Apakah tujuan harus menghalalkan seluruh sarana untuk mencapainya? Apakah masalah sarana itu bersifat ta'abudiyah atau ekspresi penyembahan kita kepada Allah SWT, sehingga menggunakan sarana juga harus bersifat tauqifi atau pemberian langsung dari Allah SWT? karenanya kaidah yang digunakan adalah " mana perintahnya?
Memang itu adalah prinsip dalam kaidah ibadah ritual atau makhdah, sehingga setiap ibadah prinsipnya tertolak atau tidak akan diterima Allah kecuali hanya yang di perintahkan saja. Apakah kita harus menggunakan sarana dakwah yang sama persis seperti yang ditempuh Rasulullah dalam metode perjuangan beliau menegakkan agama ?
Dalam Alquran, Allah menetapkan tujuan dalam memakmurkan bumi ini dan seluruh peran kita dalam merealisir tujuan tersebut. Dijadikannya diri kita sebagai khalifatullah fil ardhi atau sebagai pengganti Allah diatas muka bumi ini, karena memang syariat Allah tidak memiliki tangan dan kaki untuk berjalan dan masuk kedalam kehidupan ini.

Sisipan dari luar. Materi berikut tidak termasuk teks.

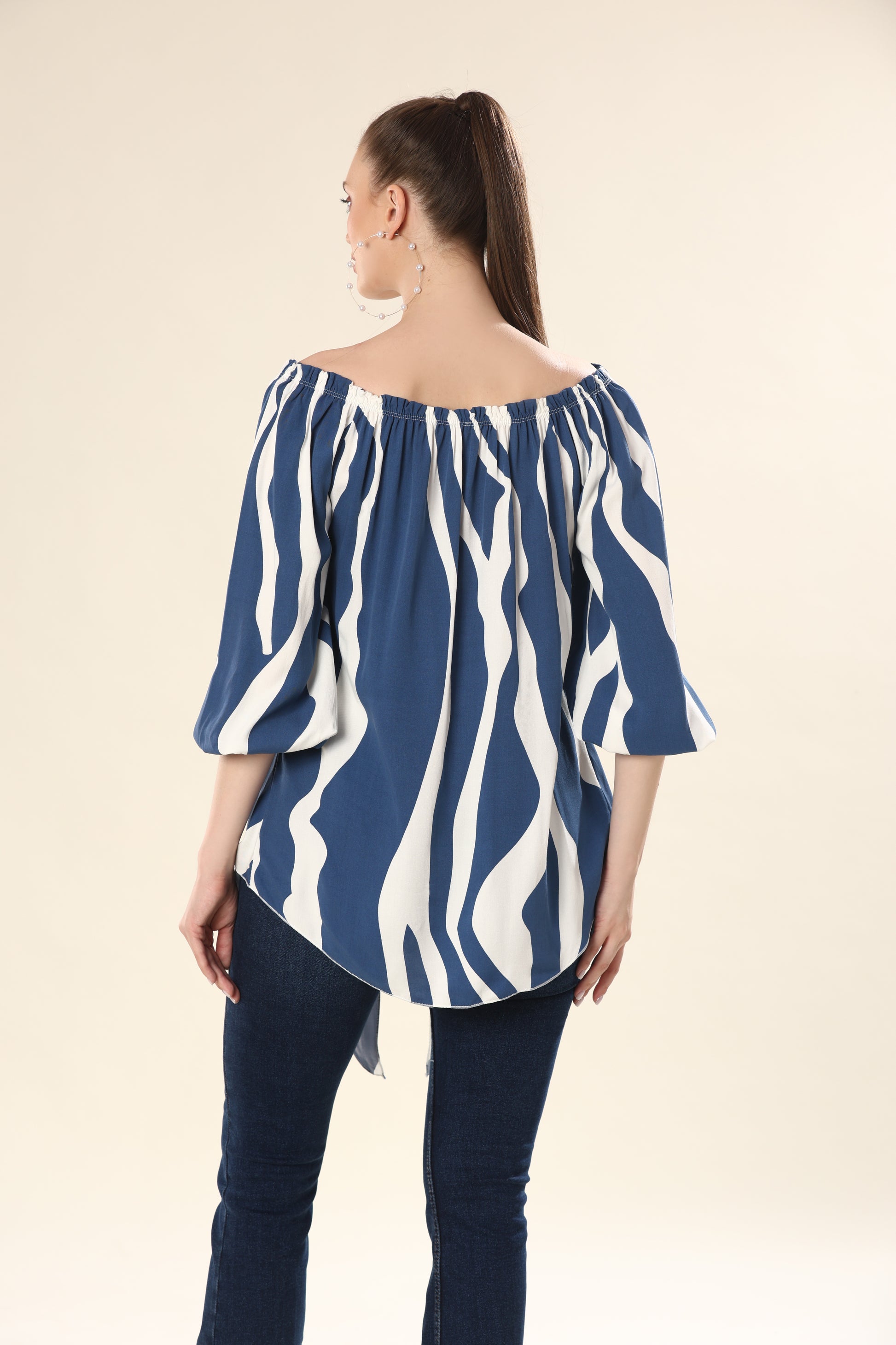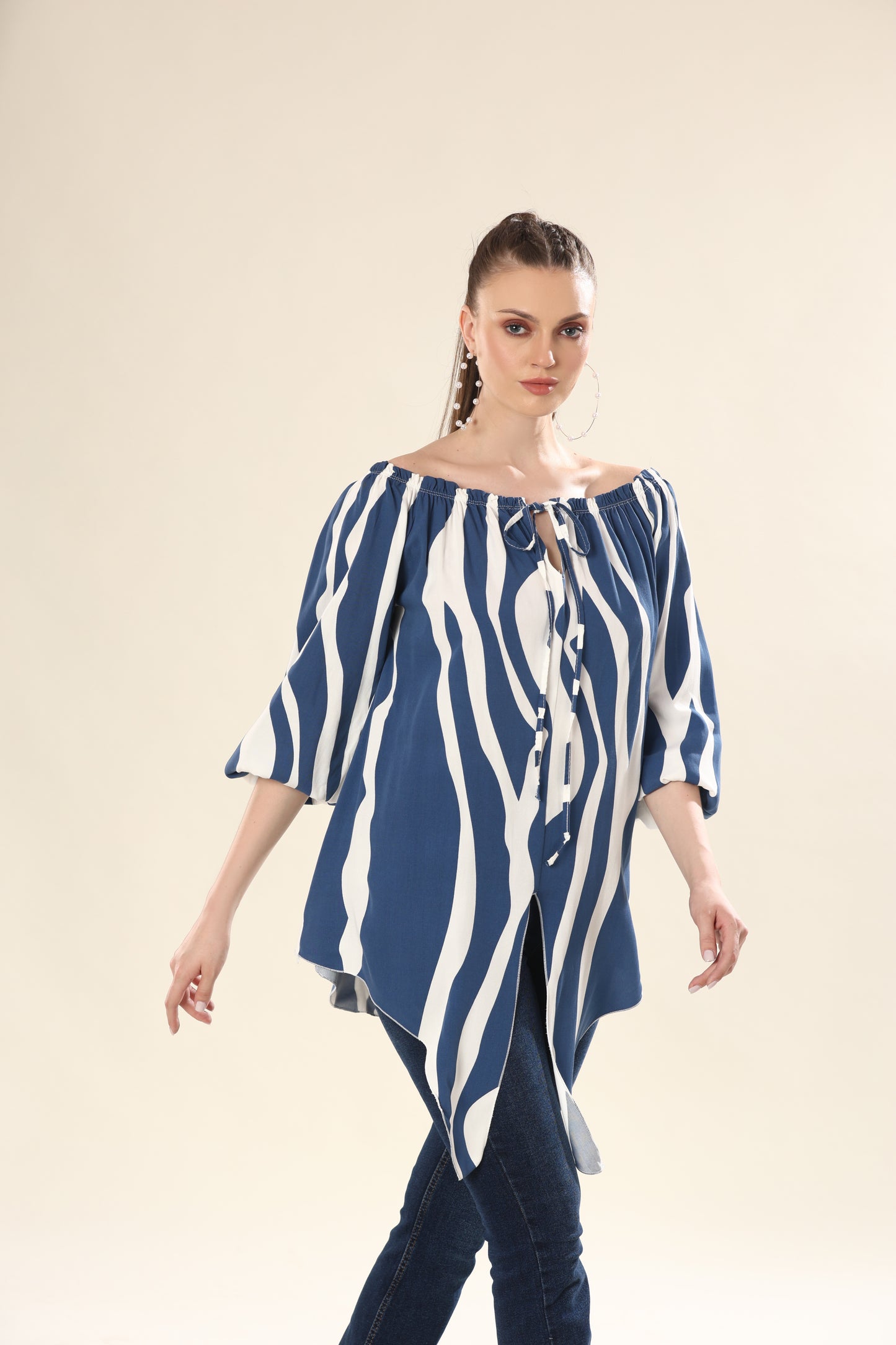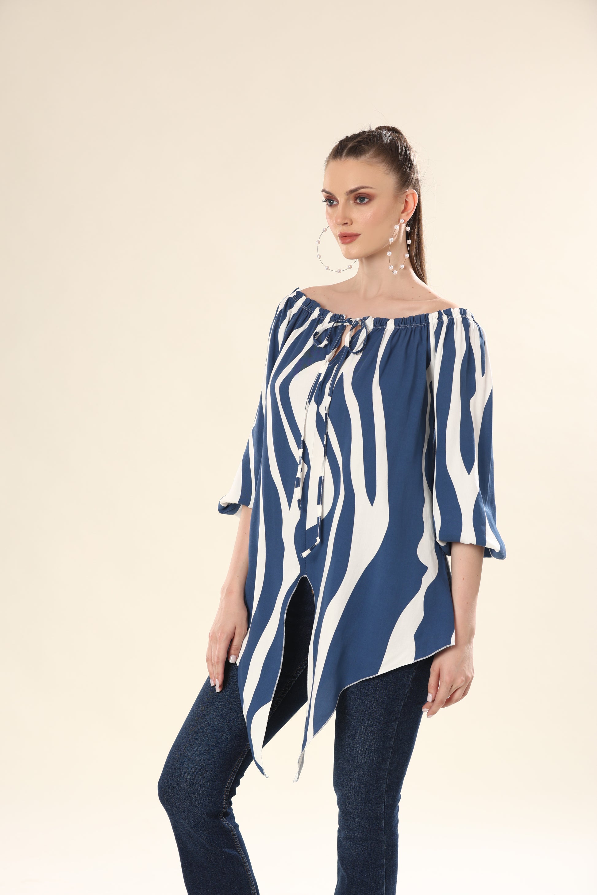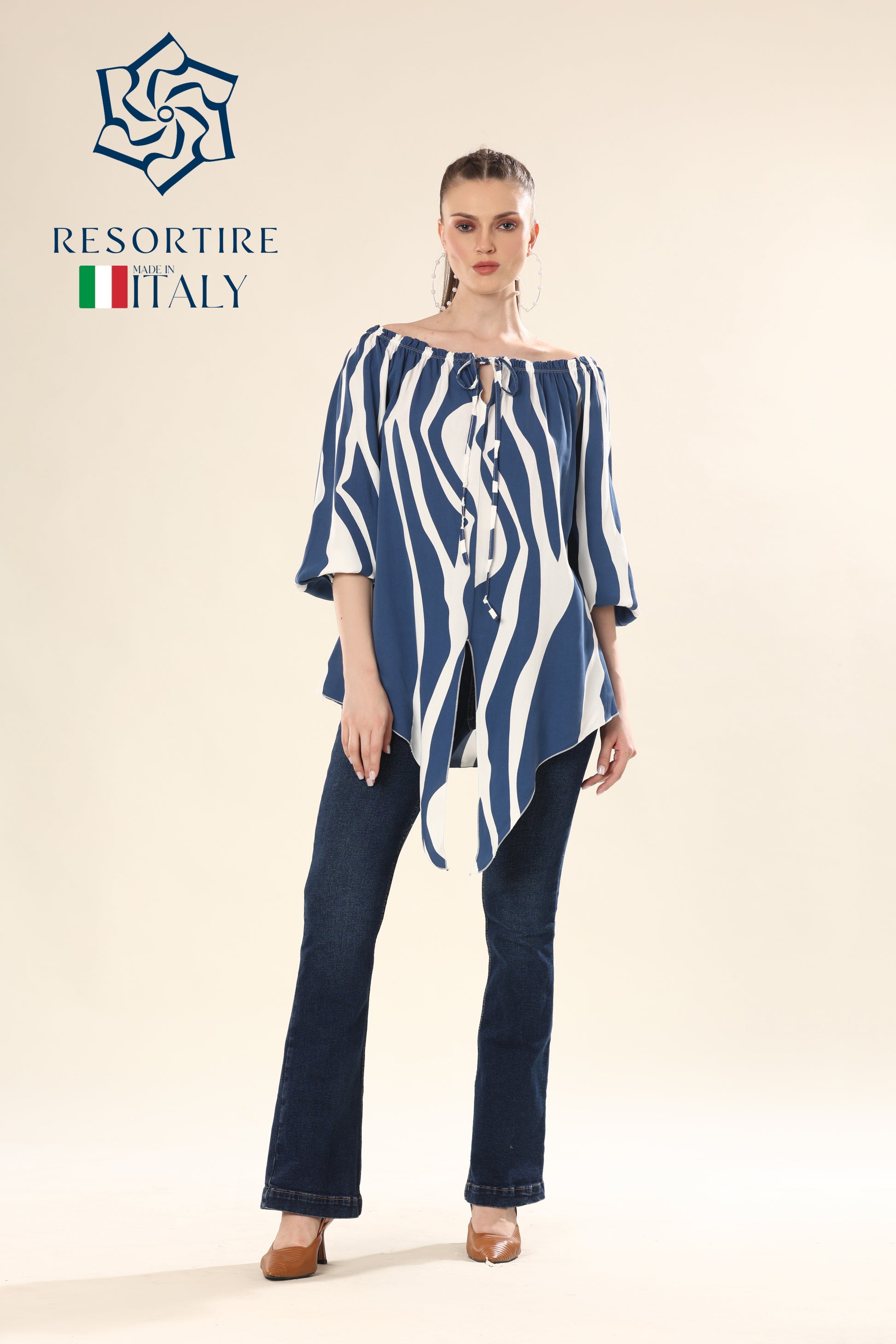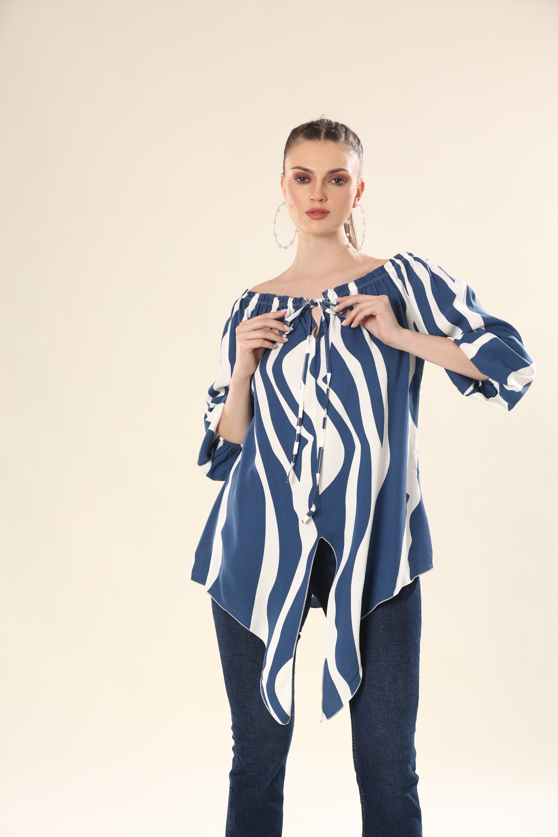 he loose-fitting Top is made of high-quality viscose, which provides complete wearing comfort. The loose-fitting Top has an elastic around the shoulders, a "v" neckline and a drawstring. The Top has 3/4 loose sleeves compressed with elastic.

Kemudian syariat itu menjadi hidup dan menjelma menjadi hukum, norma, peraturan, sistem kecuali menggunakan manusia itu sendiri.
Jika kita membuka literatur ulama tentang siyasah maka mereka akan membuat bab tersendiri mengenai prinsip maqhasid atau maksud/tujuan politik, karena itu lebih esensi dari inti persoalan, sebab itu merupakan tujuan yang abadi dan tidak akan pernah berubah sedikitpun .
Imam as Syatibi seorang ulama kharismatik dari Spanyol dalam kitabnya Al Muwaffaqaat memperkenalkan tentang apa yang beliau sebut dengan prinsip maqoshid syari'ah, yaitu muara dari semua sebab mengapa Allah menurunkan syariat-Nya kepada manusia adalah untuk mencapai maslahat atau kebaikan dalam kehidupan ini.
Yaitu untuk menjaga lima hal, antara lain menjaga akal, jiwa, harta, agama dan keturunan. Termasuk dalam hal kita berpolitik dan bernegara, semua muara dari tujuan kita mengurus ummat ini dalam rangka mencapai tujuan dari maqashid tersebut.
Dalam fikih Islam semua perbuatan yang berhubungan langsung melanggar lima hal diatas tersebut dapat digolongkan dalam perbuatan dosa besar, contohnya seperti membunuh karena melanggar prinsip agama yaitu untuk menjaga jiwa. Minum khamar karena melanggar prinsip menjaga akal sebab mabuk dapat merusak akal manusia.
Mencuri karena melanggar prinsip menjaga harta, berzina karena melanggar prinsip menjaga keturunan dan syirik melanggar prinsip menjaga agama. Bahkan beliau mengatakan,''Kalau ada satu kasus yang tidak ditemui dalam nash yang jelas dalam Alquran dan Sunnah, maka aku akan putuskan apakah perbuatan tersebut melanggar terhadap lima prinsip tersebut.''
Apa hikmah di balik maqashid tersebut untuk menjamin kita tidak kehilangan alat atau jalan menemukan tujuan Syariat Islam itu diturunkan, karena itulah bersifat lentur, itulah sifat sarana atau washilah. Sehinggga tujuan dalam berpolitik mengharuskan sarana yang kita gunakan bisa menyampaikan kita kepada tujuan. Jadi prinsip washilah adalah mengikuti prinsip tujuan atau maqoshid-nya, karena Allah SWT menyebutkan tujuannya, bukan alatnya.